If a line in the entries below holds the string "system", copy it.

MATERIALS PROVIDED —
####

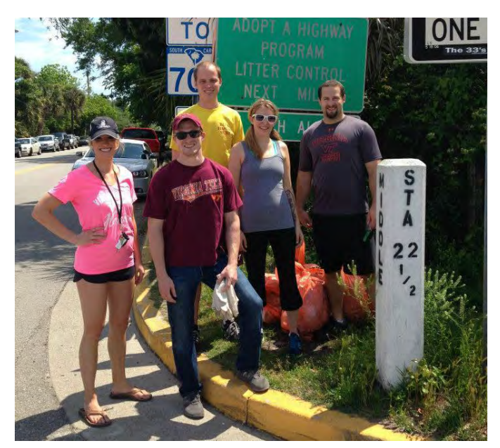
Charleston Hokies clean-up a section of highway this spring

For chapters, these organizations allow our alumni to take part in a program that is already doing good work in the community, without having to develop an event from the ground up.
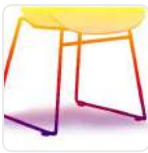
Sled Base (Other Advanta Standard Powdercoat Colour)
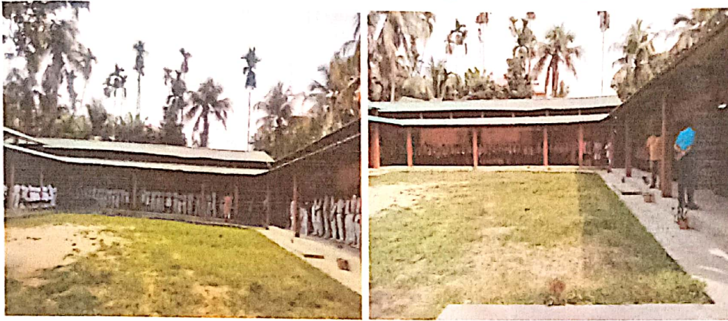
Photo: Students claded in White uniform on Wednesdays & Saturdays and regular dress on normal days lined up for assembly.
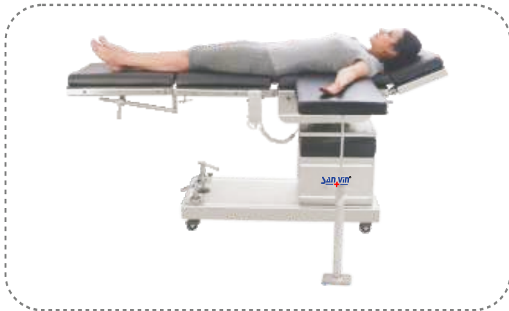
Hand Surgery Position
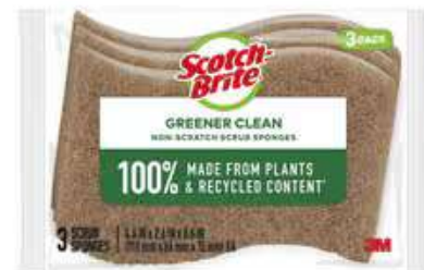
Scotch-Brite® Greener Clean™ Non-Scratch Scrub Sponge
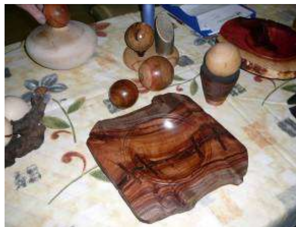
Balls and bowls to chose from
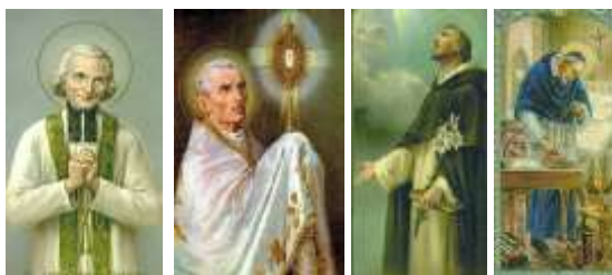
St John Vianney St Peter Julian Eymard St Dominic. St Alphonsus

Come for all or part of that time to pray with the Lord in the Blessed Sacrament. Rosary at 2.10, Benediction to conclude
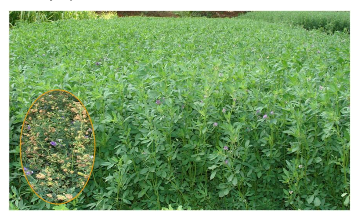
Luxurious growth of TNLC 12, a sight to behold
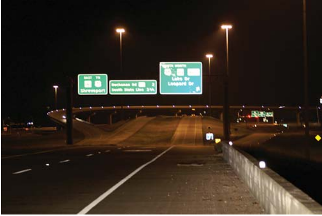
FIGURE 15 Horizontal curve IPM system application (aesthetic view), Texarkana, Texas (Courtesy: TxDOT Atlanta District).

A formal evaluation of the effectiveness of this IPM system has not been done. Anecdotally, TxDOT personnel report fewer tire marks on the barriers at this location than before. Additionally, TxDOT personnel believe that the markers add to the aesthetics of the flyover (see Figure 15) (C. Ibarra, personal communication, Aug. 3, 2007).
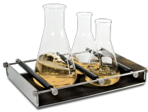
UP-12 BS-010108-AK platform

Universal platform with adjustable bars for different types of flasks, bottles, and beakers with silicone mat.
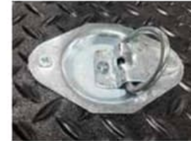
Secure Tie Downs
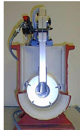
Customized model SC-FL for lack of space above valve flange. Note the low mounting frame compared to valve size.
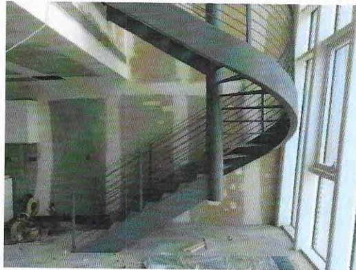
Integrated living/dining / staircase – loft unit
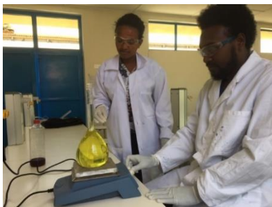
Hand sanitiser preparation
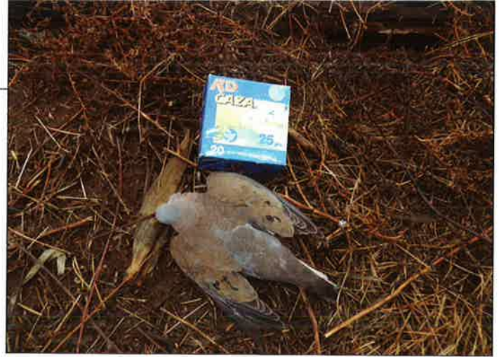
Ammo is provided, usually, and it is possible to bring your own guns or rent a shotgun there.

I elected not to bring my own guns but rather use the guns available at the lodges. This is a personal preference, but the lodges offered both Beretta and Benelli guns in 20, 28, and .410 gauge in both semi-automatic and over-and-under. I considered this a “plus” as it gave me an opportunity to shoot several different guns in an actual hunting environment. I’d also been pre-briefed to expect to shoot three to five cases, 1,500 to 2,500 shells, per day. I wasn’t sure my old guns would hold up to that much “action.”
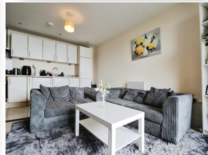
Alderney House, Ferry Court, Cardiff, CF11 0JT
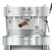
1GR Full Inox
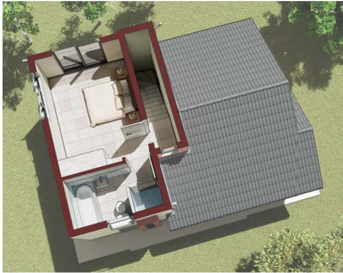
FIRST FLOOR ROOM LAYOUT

####

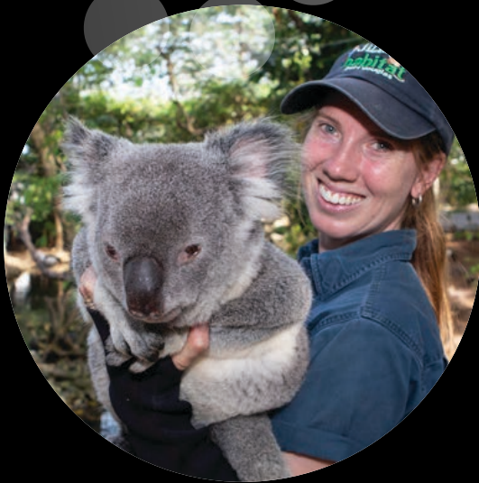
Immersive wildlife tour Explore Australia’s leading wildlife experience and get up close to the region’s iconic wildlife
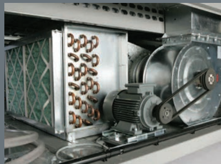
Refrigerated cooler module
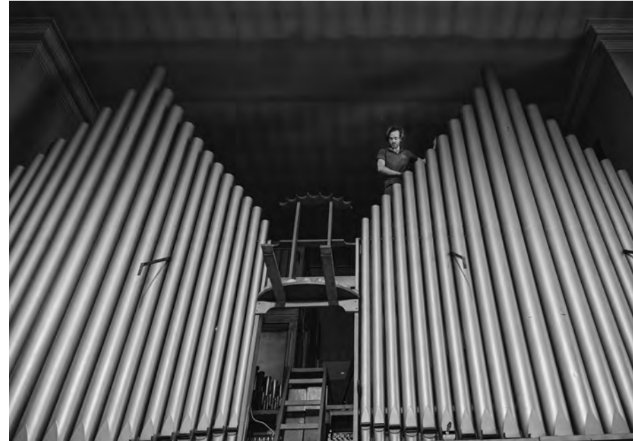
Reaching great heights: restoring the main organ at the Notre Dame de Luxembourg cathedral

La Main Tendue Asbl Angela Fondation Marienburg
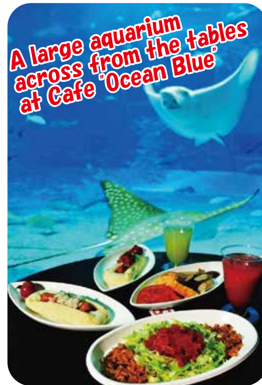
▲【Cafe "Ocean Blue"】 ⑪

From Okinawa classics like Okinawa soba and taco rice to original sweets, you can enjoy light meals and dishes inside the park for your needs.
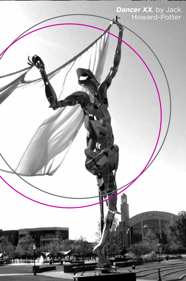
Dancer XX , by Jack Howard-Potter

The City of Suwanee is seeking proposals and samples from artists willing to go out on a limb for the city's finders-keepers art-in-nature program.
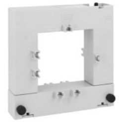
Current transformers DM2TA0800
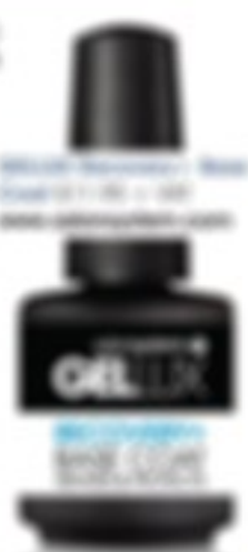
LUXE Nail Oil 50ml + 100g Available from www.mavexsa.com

####

RESPONSE AREA —
FIGURE 15 Horizontal curve IPM system application (aesthetic view), Texarkana, Texas (Courtesy: TxDOT Atlanta District).
A formal evaluation of the effectiveness of this IPM system has not been done. Anecdotally, TxDOT personnel report fewer tire marks on the barriers at this location than before. Additionally, TxDOT personnel believe that the markers add to the aesthetics of the flyover (see Figure 15) (C. Ibarra, personal communication, Aug. 3, 2007).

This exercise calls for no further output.